[Collected data entries]
---*---
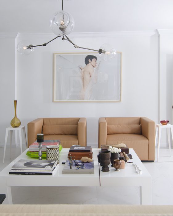 A un lado de este espacio, concebido como un gran loft, está la sala –con muebles diseñados por Arcila– y un singular chandelier con globos de vidrio de la artista Lindsey Adelman. Al otro, la cocina: una zona ideada con mobiliario de Ikea y donde el blanco es protagonista. Para el piso, originalmente una baldosa de color durazno, el diseñador optó por una porcelana de Carrara de gran formato que le dio frescura y modernidad al apartamento.
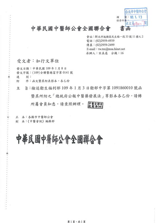 | 台北市中醫師公會 官網:http://www.tpcma.org.tw 地址:台北市中正區青島西路11號3樓 E-mail:tp.cma@msa.hinet.net 電話:(02)2314-3456(代表號) 傳真:(02)2314-8181 |
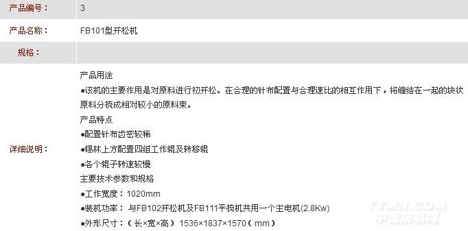 您所在的位置:紡機網 > 產品庫 > FB101型開松機
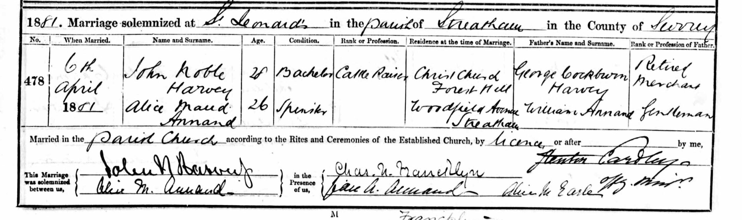 In 1881 Walter and John Harvey decided to marry. Harvey traveled to England and on April 6, 1881 married 26-year-old Alice Maud Annand. The newlyweds arrived by ship in New York on May 12, 1881, and probably arrived in Arizona by train.
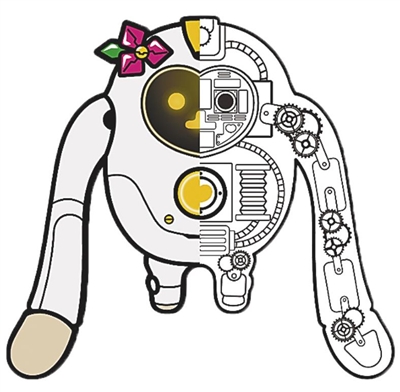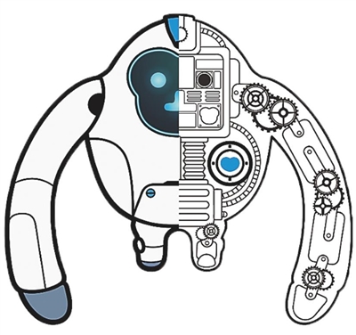 “机械猿”脸部为液晶显示屏,可显示九种不同表情,表达不同情绪和状态;身体由金属构成,心脏处安装电池,身体连接处采用复合齿轮的设计
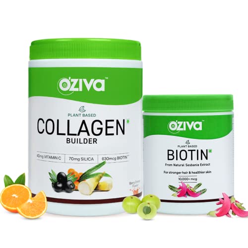 OZiva Plant Based Collagen Builder Powder (With Vitamin C) Berry Orange,250G & Plant Based Biotin 10000+ Mcg (With Natural Sesbania Agati Extract) For Stronger Hair & Healthier Skin,125G(Combo Pack)
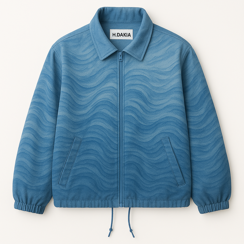This loose-fit windbreaker by H.DAKIA features an artistic watercolour design, with flowing blue waves that create a sense of fluidity and motion. Crafted from 80% polyester and 20% nylon, it offers a perfect blend of durability, flexibility, and comfort. The jacket is made with lightweight, water-resistant fabric, ideal for various weather conditions. It comes with a stand-up collar and a sleek hidden zipper for a clean look, while the adjustable drawstring hem and elasticized cuffs ensure a perfect fit. The large, angled side pockets add functionality to its modern aesthetic. With its unique marbled design and comfortable fit, this windbreaker is ideal for anyone who values both fashion and performance.
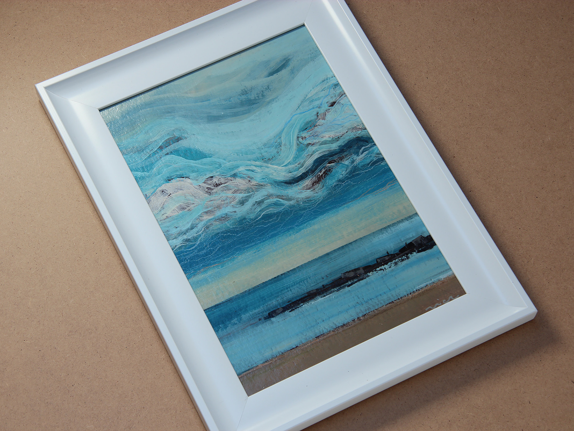 Pejzaż: Barcelona, plaża. Akryl na papierze zamocowany na sklejce. 21x30 cm. W ramce bez szyby.
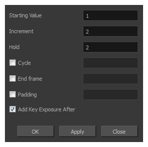注释 有关“摄影表”的“序列填充”对话框的更多信息,请参阅:播放 Harmony 场景中 3D 模型的动画
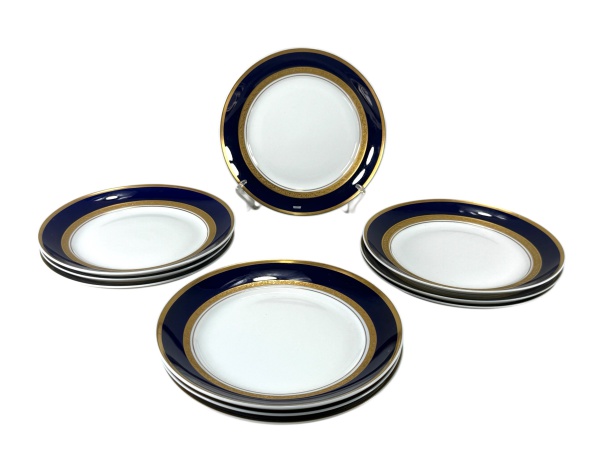 • PORCELANA STEATITA, oito (8) pratos rasos confeccionados em porcelana nacional na tonalidade branca, decorada por espessa faixa na tonalidade azul cobalto e faixa em ouro com elementos vegetalistas, 1 bicado, medindo 24,5cm.
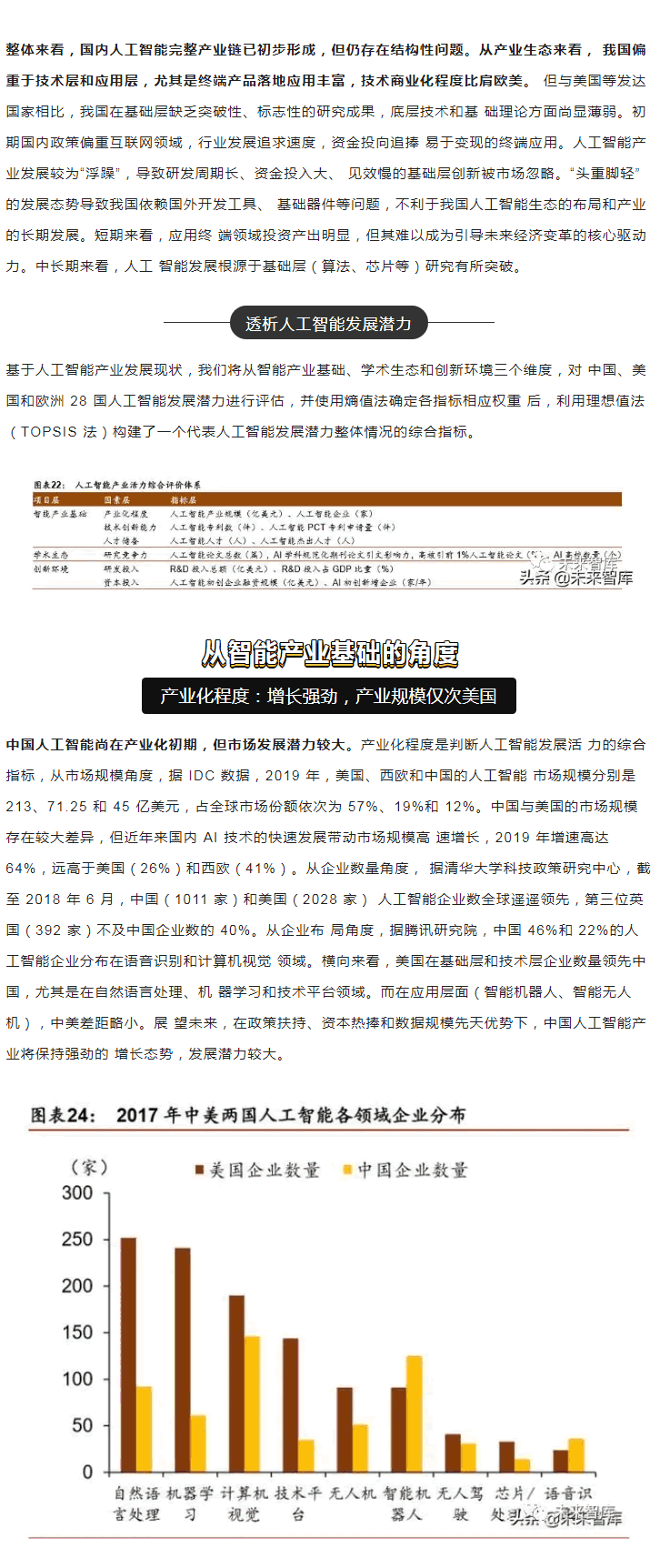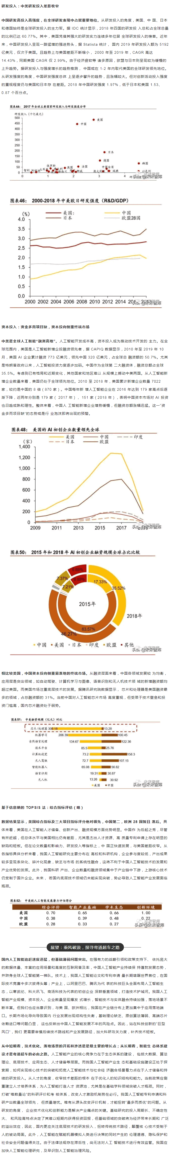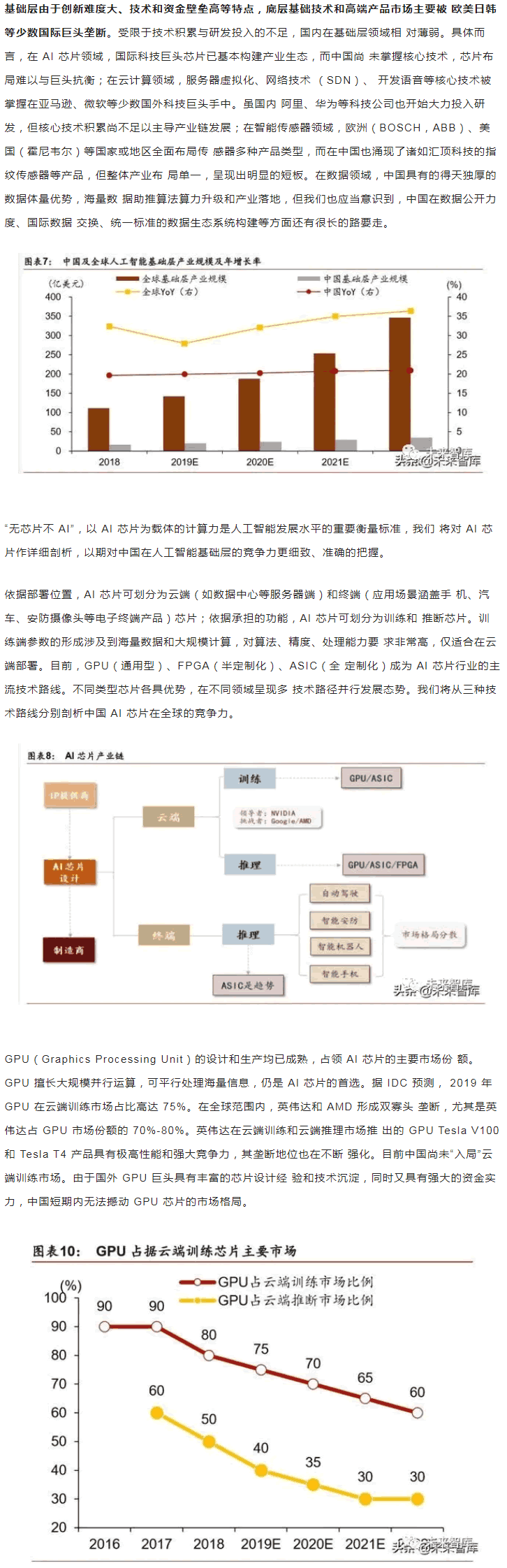 范圍內(nèi),中美“雙雄并立”構(gòu)成人工智能D一梯隊,日本、英國、以色列和法國等發(fā) 達(dá)國家乘勝追擊,構(gòu)成D二梯隊。同時,在D層設(shè)計上,多數(shù)國家強(qiáng)化人工智能戰(zhàn)略布局, 并將人工智能上升至國家戰(zhàn)略,從政策、資本、需求三大方面為人工智能落地保駕護(hù)。后起之秀的中國,局部L域有所突破。中國人工智能起步較晚,發(fā)展之路幾經(jīng)沉浮。自 2015 年以來,政府密集出臺系列扶植政策,人工智能發(fā)展勢頭迅猛。由于初期我國政策 側(cè)重互聯(lián)網(wǎng)L域,資金投向偏向終端市場。因此,相比美國產(chǎn)業(yè)布局,中國技術(shù)層(計算 機(jī)視覺和語音識別)和應(yīng)用層走在世界前端,但基礎(chǔ)層核心L域(算法和硬件算力)比較 薄弱,呈“頭重腳輕”的態(tài)勢。當(dāng)前我國人工智能在國家戰(zhàn)略層面上強(qiáng)調(diào)系統(tǒng)、綜合布局。
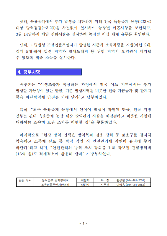 ▼ [농식품부 03.09] 고병원성 조류인플루엔자 발생농장 다수 방역 미흡사항 확인, 보상금 감액 등 엄정 조치
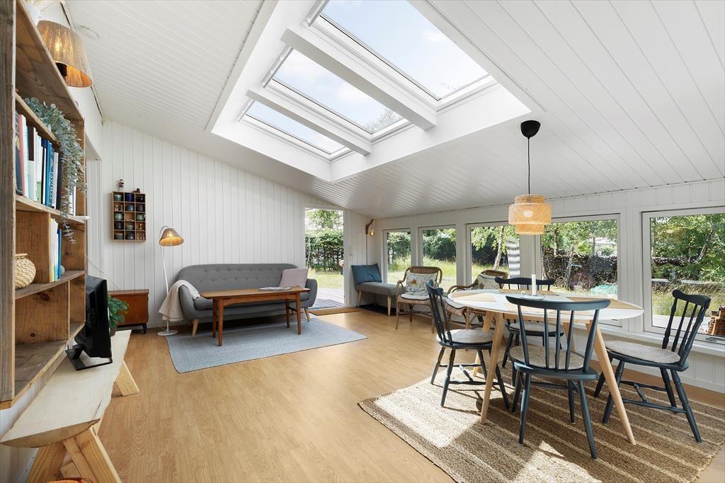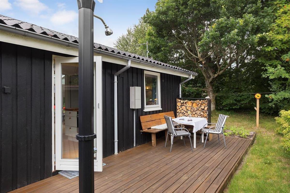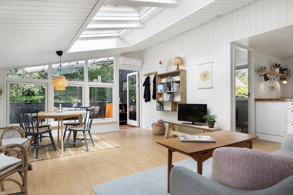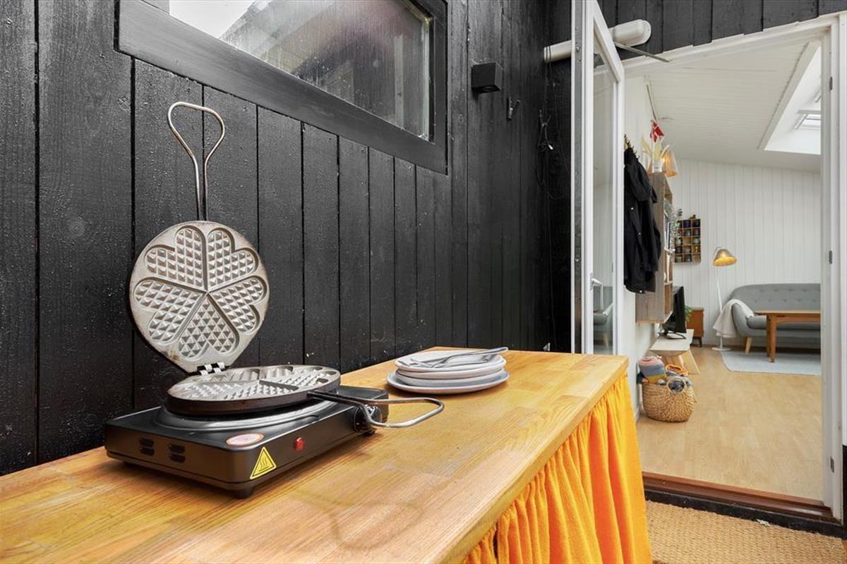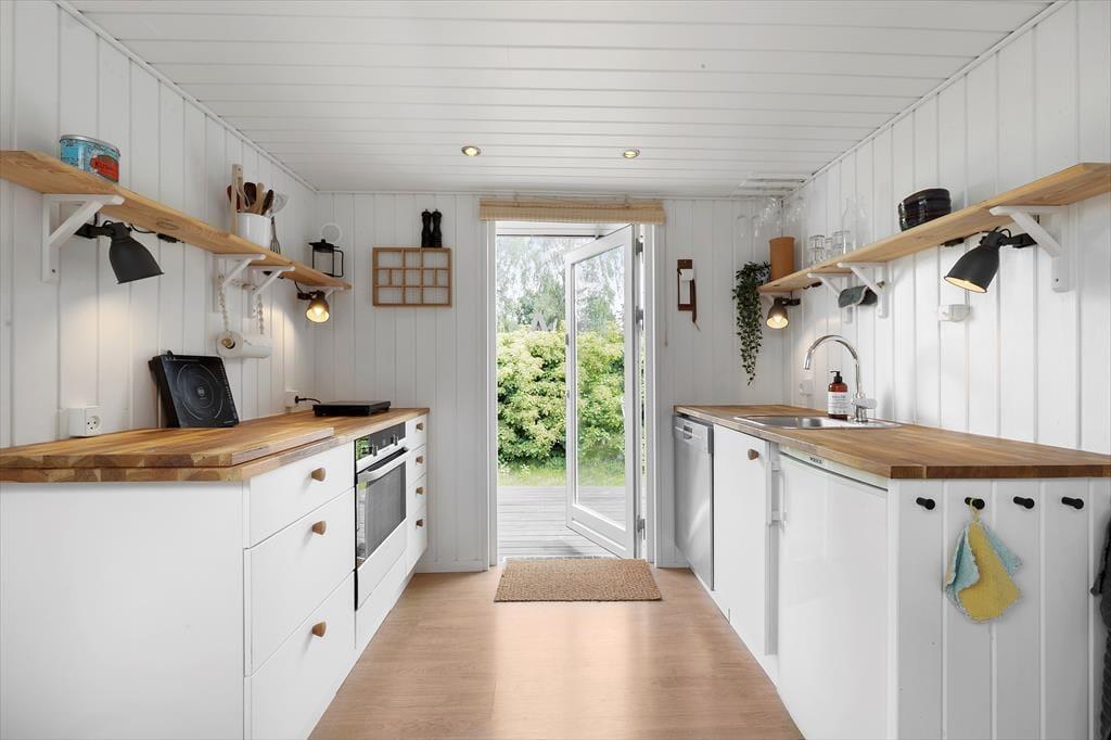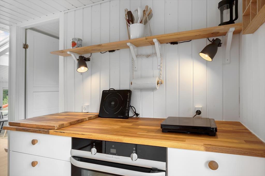 Viel Licht fällt durch die schönen Dachflächenfenster des Wohnraums und unterstreicht die schöne, leichte Ferienhausatmosphäre. Das Urlaubsdomizil wurde liebevoll instand gesetzt. Dabei wurde nicht an schönen Details und kreativen Lösungen gespart, zu denen beispielsweise die von der Decke herabhängenden Weingläser zählen. Die Küche präsentiert sich gemütlich und ansprechend. Sie verfügt über einen Geschirrspüler und drei transportable Kochplatten - zwei Induktionskochplatten und eine Cerankochplatte - die du wunderbar mit hinaus auf die überdachte Terrasse nehmen kannst, um dort die Mahlzeiten zuzubereiten oder Waffeln zu backen. Von der Küche gelangst du durch eine Tür hinaus auf eine herrliche Morgenterrasse, die sich bestens für einen frischen Becher Kaffee in den ruhigen, friedvollen Morgenstunden anbietet. Dein Ferienhaus bietet zwei Schlafräume; in dem einem steht ein Doppelbett und in dem anderen Zimmer steht ein großes Bett bereit, in dem die jüngsten Urlauber sicher neben den Eltern schlafen können. Praktischerweise ist das Duschbadezimmer deines Ferienhauses mit einer Waschmaschine versehen, dank der du dir unnötig viel Reisegepäck ersparen kannst.
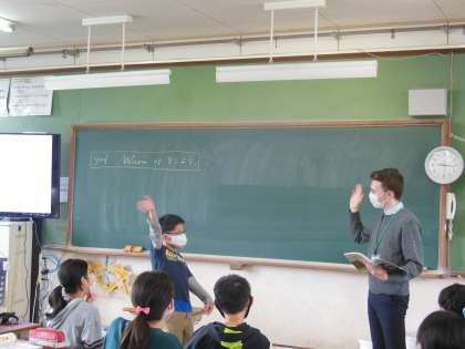 今年もALTのガレス先生と一緒に外国語の勉強をします。久しぶりに英語を使っての会話を楽しんでいました。
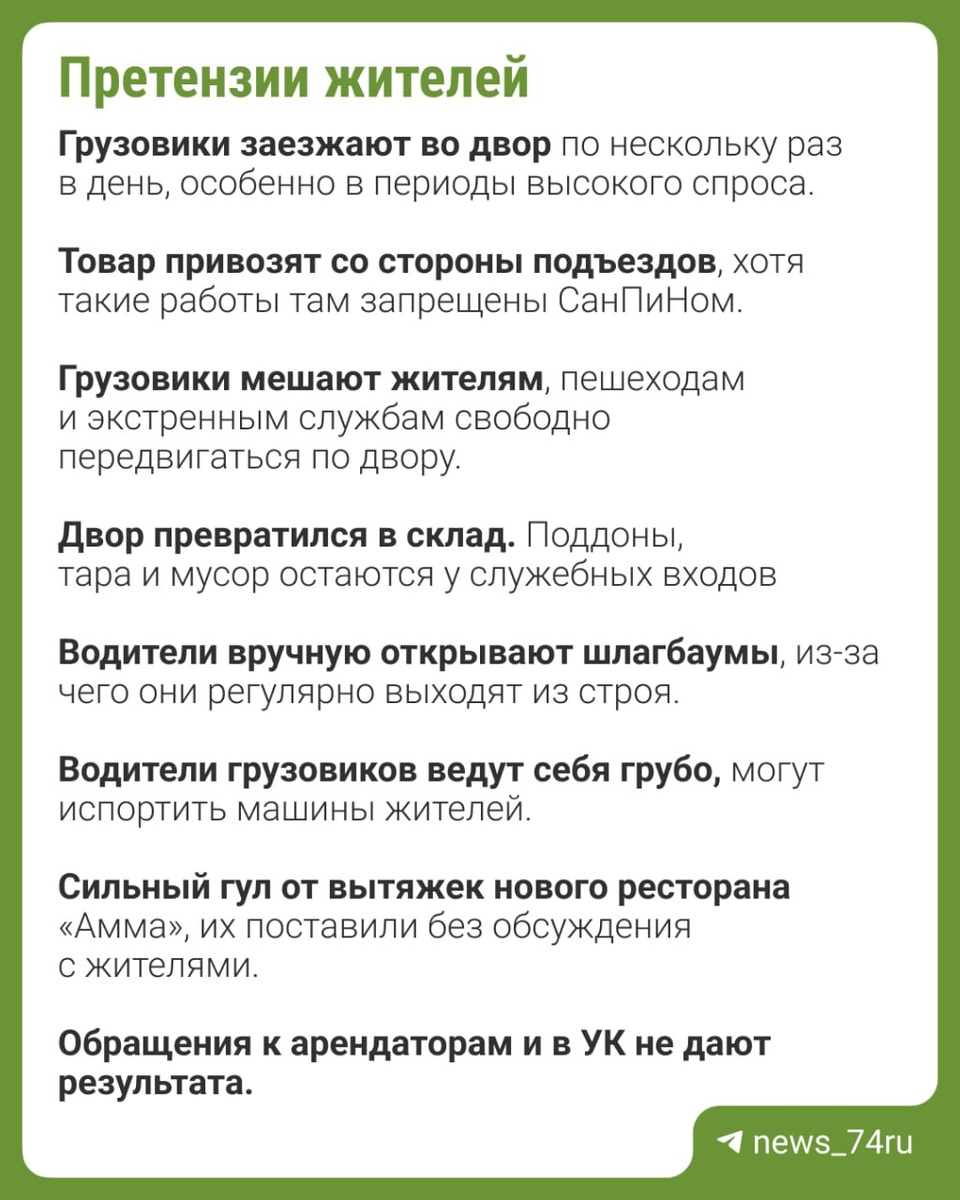 «Курьер плюнул мне на машину!» Жильцы дома с «Золотым яблоком» объявили войну грузовикам в разгар предновогоднего шоппинга Жители многоэтажки на Сони Кривой, 26 в Челябинске хотят запретить въезд грузового транспорта к себе во двор. Много лет они терпели соседство с «Золотым яблоком». Но перед этим Новым годом оборот парфюмерного супермаркета по их ощущениям вырос настолько, что грузовики с товаром идут просто в режиме нон-стоп. А еще есть доставка онлайн-заказов, за которыми тоже приезжают на машинах. До абсолютной точки кипения людей довело недавнее открытие ресторана «Амма». Кроме грузовиков с продуктами, жильцы недовольны мощными вытяжками. Звук от них жильцы ближайшего подъезда сравнивают с гулом самолетов, от которого не спасают даже закрытые окна. 🟥Конфликты. Двор на Сони Кривой считается закрытым. Въезды со стороны Красной и Васенко оборудованы шлагбаумами, а доступ — только у жителей. По словам местных, водители большегрузов поднимают шлагбаум руками — от этого он уже не р
---*---
▸ Exercise
All lines from the start of the entries above through the line containing "您所在的位置:紡機網 > 產品庫 > FB101型開松機" are to be given again exactly; the pictures are not.

▸ Your solution
 A un lado de este espacio, concebido como un gran loft, está la sala –con muebles diseñados por Arcila– y un singular chandelier con globos de vidrio de la artista Lindsey Adelman. Al otro, la cocina: una zona ideada con mobiliario de Ikea y donde el blanco es protagonista. Para el piso, originalmente una baldosa de color durazno, el diseñador optó por una porcelana de Carrara de gran formato que le dio frescura y modernidad al apartamento.
 | 台北市中醫師公會 官網:http://www.tpcma.org.tw 地址:台北市中正區青島西路11號3樓 E-mail:tp.cma@msa.hinet.net 電話:(02)2314-3456(代表號) 傳真:(02)2314-8181 |
 您所在的位置:紡機網 > 產品庫 > FB101型開松機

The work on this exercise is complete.